• **Exercise directions**
The line containing "Questa architettura che" and each line after it, through the final line of the data, are to be retyped exactly, with pictures left out.

• **Supplied material**
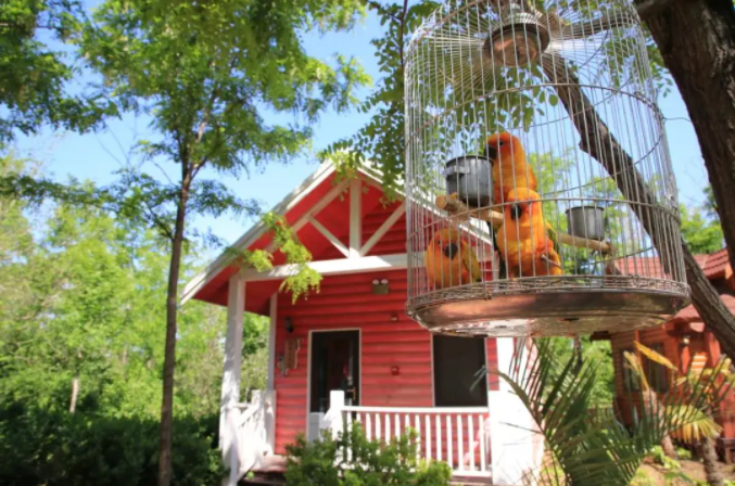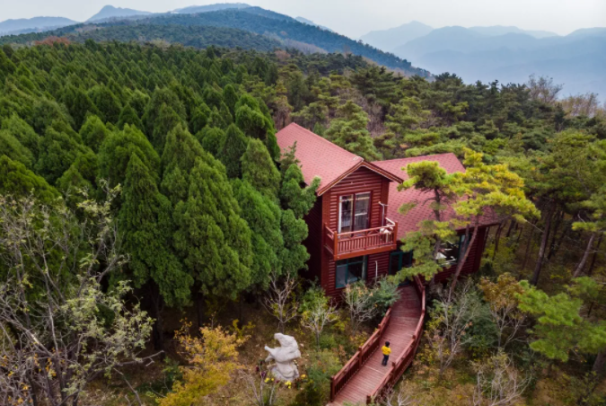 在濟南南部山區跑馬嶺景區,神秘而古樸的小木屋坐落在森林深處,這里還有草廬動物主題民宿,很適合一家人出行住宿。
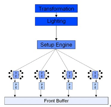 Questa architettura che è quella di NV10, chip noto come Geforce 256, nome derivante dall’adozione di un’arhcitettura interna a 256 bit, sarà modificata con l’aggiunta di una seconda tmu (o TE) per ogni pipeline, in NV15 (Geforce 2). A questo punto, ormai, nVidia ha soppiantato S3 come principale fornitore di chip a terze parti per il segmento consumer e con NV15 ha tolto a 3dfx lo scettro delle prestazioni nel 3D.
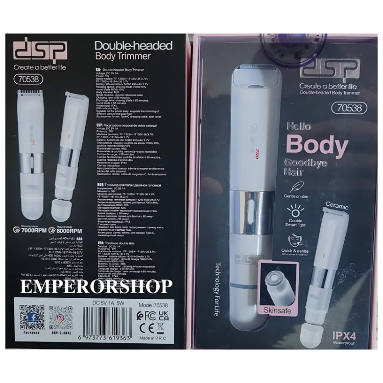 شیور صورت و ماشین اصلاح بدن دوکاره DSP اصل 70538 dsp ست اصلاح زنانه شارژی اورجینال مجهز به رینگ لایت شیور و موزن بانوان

• **Result for this exercise**
 Questa architettura che è quella di NV10, chip noto come Geforce 256, nome derivante dall’adozione di un’arhcitettura interna a 256 bit, sarà modificata con l’aggiunta di una seconda tmu (o TE) per ogni pipeline, in NV15 (Geforce 2). A questo punto, ormai, nVidia ha soppiantato S3 come principale fornitore di chip a terze parti per il segmento consumer e con NV15 ha tolto a 3dfx lo scettro delle prestazioni nel 3D.
 شیور صورت و ماشین اصلاح بدن دوکاره DSP اصل 70538 dsp ست اصلاح زنانه شارژی اورجینال مجهز به رینگ لایت شیور و موزن بانوان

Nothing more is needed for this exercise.